Oil pulling cannot effectively reduce bacteria
colonization on enamel and reduce cavities. A study was conducted to measure the
count of adherent bacteria on teeth before and after use of oil pulling on
adults (Hannig, Kirsch, Al-Ahmad, Kensche, Hannig and Kümmerer, 2012, p. 649-658). A test group and two control groups were
present. 0.2% Chlorhexidine mouthrinse was used as a positive control group;
the negative control group did not use any mouthrinse (Hannig et al,
2012). Safflower oil, olive oil and
linseed oil were used to rinse for 10 minutes after pellicle was formed on
teeth surfaces (Hannig et al, 2012). Then, the subjects were carried for 8 hours and adherent bacteria were
measured (Hannig et al, 2012). The
results of the study show that oil pulling has no significant antibacterial
effects on teeth compared to the negative control group (Hannig et al,
2012). However, more than 85% bacteria
were reduced with the use of chlorohexidine mouthrinse (Hannig et al,
2012). Therefore, oil pulling with safflower
oil, olive oil and linseed oil are not recommended for the purpose of
decreasing bacteria counts on tooth surfaces.

Another randomized
double blinded controlled study from PubMed compared the effect of different mouthrinses
and oil pulling on bacteria count for children 6-12 years old (Jauhari,
Srivastava, Rana & Chandna, 2015). 4 groups of mouthrinses (fluoride
mouthrinse with 200 ppm sodium fluoride, herbal mouthrinse containing Salvadora
Persica, sesame oil and distilled water) were used in this test (Jauhari et al,
2015). Bacteria count was measured prior to the use of mouthrinses twice a day
for 2 weeks (Jauhari et al, 2015). The effectiveness of fluoride and herbal
mouthrinses was found to be significant while sesame oil pulling was not in reducing
the bacterial colonization of an individual (Jauhari et al, 2015). Results of
the test are shown

Based on the results of
the study, oil pulling with sesame oil should not be used for children to replace
daily dental care with toothbrushes and floss.
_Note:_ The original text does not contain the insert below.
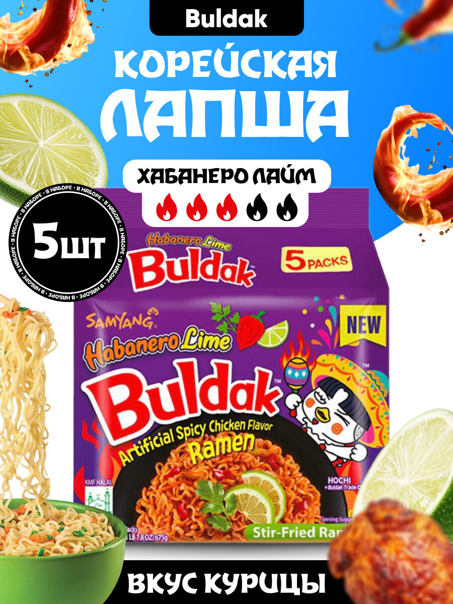 Лапша быстрого приготовления Samyang Buldak Habanero Lime со вкусом острой курицы и лайма, набор 5 шт.: сравнение цен, характеристики, фото, актуальное наличие и цены.

In 2015, another study done by Thomas, Thakur and
Mhambrey compared the antimicrobial efficacy of several different mouthrinses.
The results of the in vitro study indicate that even when fluoride is added to
oil, oil pulling is still not as effective as 0.2% chlorohexidine or other mouthrinses
in reducing cariogenic bacteria.

Therefore, oil pulling is not recommended as an effective
antibacterial agent to reduce oral biofilm formation due to lack of solid scientific evidence.
Regular tooth brushing and flossing for twice a day are recommended to continue.

Oral malodor, also called halitosis, is negatively affecting
many people. The release of sulphur compounds from breathes is believed to be the
major cause of oral malodor. Various treatments are available for the public
and many individuals are wondering about the effect of oil pulling on
halitosis.

In order to understand the effect of oil pulling, 2 journal
articles were found from US National Library of Medicine. The study done by Sheikh
and Iyer in 2016 stated that oil pulling with rice bran oil is effective in
reducing halitosis; however, no control group was present to compare the
results, the study participants are not representative and the rinsing time for
the 3 groups were different. In this study, rice bran oil, sesame oil, and
0.02% chlorhexidine mouthrinse were tested on 30 pregnant women for a 2-week period (Sheikh & Iyer,
2016). Halitosis was measured by TANITA breath checker HC-212M-BL, a sulfide
monitor used for detection of volatile sulfides in breathes. Breathes were
measured at a 1 cm distance from the sensor for a particularly time period. However,
30 pregnant women are not representative to all adult population. Therefore,
the results may not be accurate and are not generalizable.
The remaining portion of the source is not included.